林泉的哭声噎了一下,乱葬岗那地方地下都是食尸虫,虫子闻血而动,恐怕他刚把尸体砍了,虫子就能涌上来把他吃干抹净,骨头渣子都不剩。
顾虞看他仍然躺在地上不肯走,眉眼间露出几丝不耐,便要动手把人扔出去,地上的人急急开口:“且慢,打个商量。”
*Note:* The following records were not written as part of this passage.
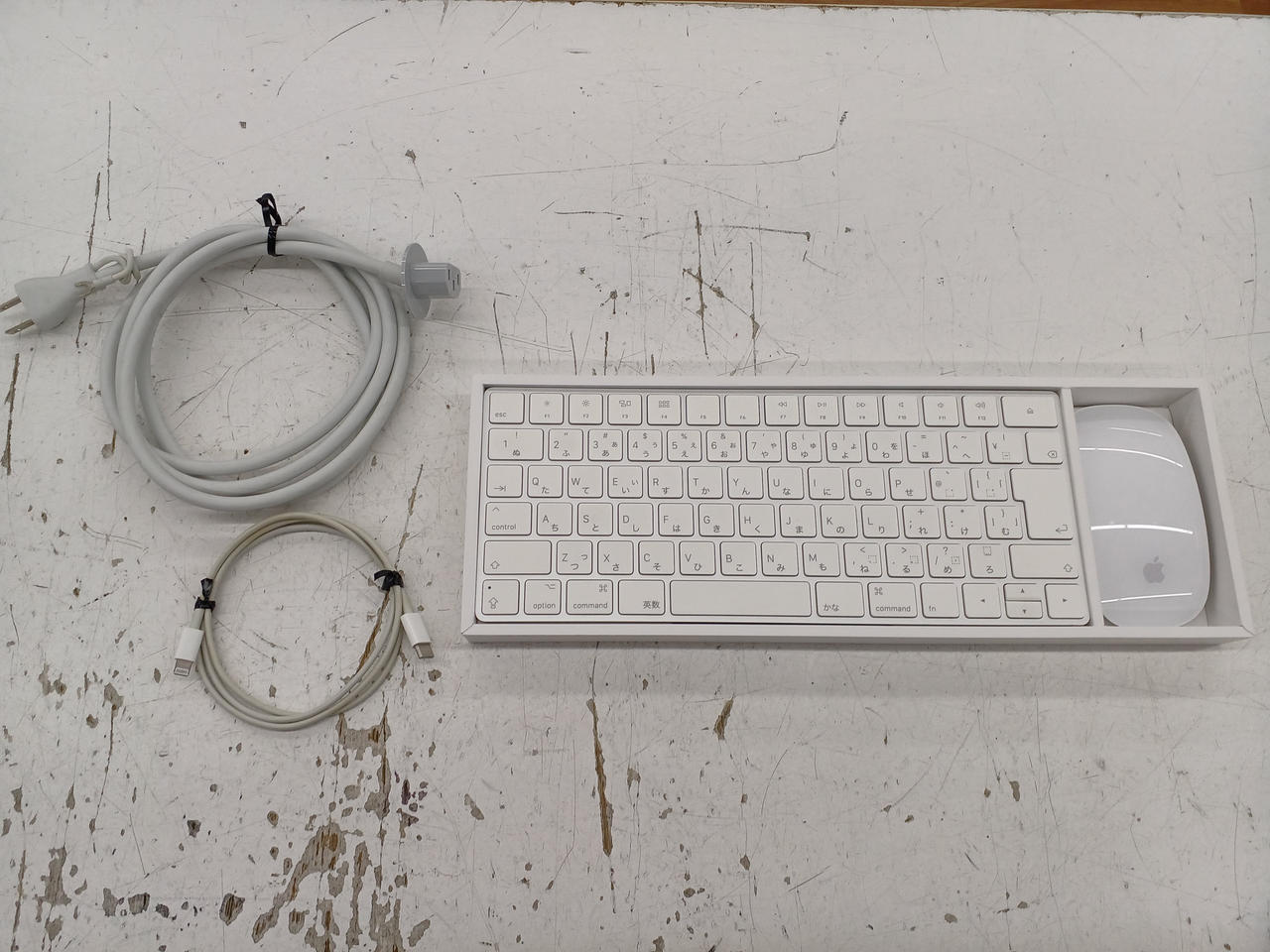 箱、ワイヤレスキーボード、ワイヤレスマウス、電源ケーブル、Lightningケーブル |
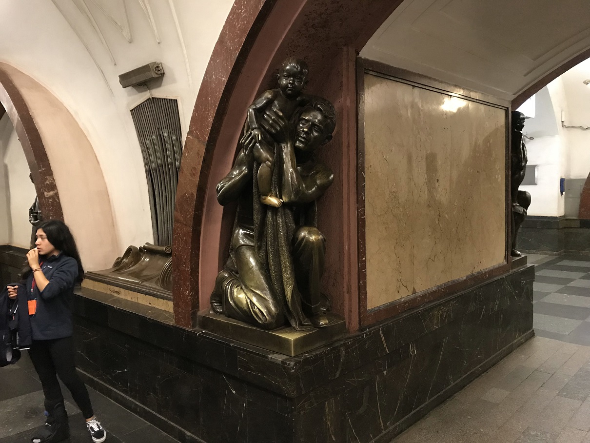 This station is decorated with bronze statues of the working class.
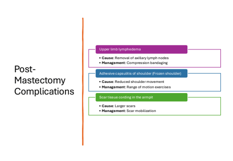 PostMastectomy Complications%u2022 Cause: Removal of axillary lymph nodes%u2022 Management: Compression bandagingUpper limb lymphedema%u2022 Cause: Reduced shoulder movement%u2022 Management: Range of motion exercisesAdhesive capsulitis of shoulder (Frozen shoulder)%u2022 Cause: Larger scars%u2022 Management: Scar mobilizationScar tissue cording in the armpit
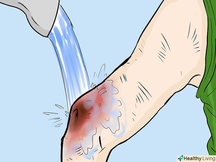 Обережно промийте травмовану ділянку теплою водою.це буде боляче, але дуже важливим є можливість вимити весь бруд і сміття з рани.[1]- Якщо частинки бруду залишилися в рані, стерилізують пінцет спиртом і витягніть при його допомозі знаходиться там гравій, скло йди інші частинки.

林泉跑这一趟,若是不把人砍上几刀就打道回府,实在咽不下心里这口恶气,但顾虞兢兢业业,自己作为一个大男人,也不好硬砸人小姑娘的饭碗。
他心里为自己找补。
思索良久内心都没拿定主意,眼看顾虞眉眼间露出几丝不耐,他急中生智:“我有钱,只要你让我砍上几刀,我给你一笔丰厚的报酬,绝对不会亏待你。”
顾虞迈出的脚步一顿。
看三晚尸能得十枚大钱,十枚钱能换两斤半糙米,顾虞人小胃口也小,顾老头上了年纪食量也不大,这些米够他们吃上十来天,若是节省着,再掺些野菜野果子,半个月也能撑过去。
但是老头子生了病,得买点精米养养胃,最好再补点鸡蛋,沾点荤腥,这样算下来,这十枚钱转眼就能花光。
虽然对待工作要敬业,但是一文钱难倒英雄汉。
顾虞心里约莫有了主意,若是他能给二十文,也不是不能放点水给他。
林泉也是情急之下才如此开口,看顾虞迟迟没有应声,一颗心渐渐沉了下去。
正当他垂头丧气之时,头顶上传来声音:“你能给多少?”
林泉立刻反应过来,“十两金子,我给你十两,只要让我砍上三刀!”
顾虞:……
是她没见识了。
林泉看顾虞面无表情,以为是钱给的太少,慌忙提价道:“那要不,二十两?我身上就带了这些,不能再多了。”
有钱不赚王八蛋,更何况白送上门的钱。顾虞深思熟虑一番,这笔买卖不做,良心难安。但是若是在义庄动手,被人发现难免工作不保。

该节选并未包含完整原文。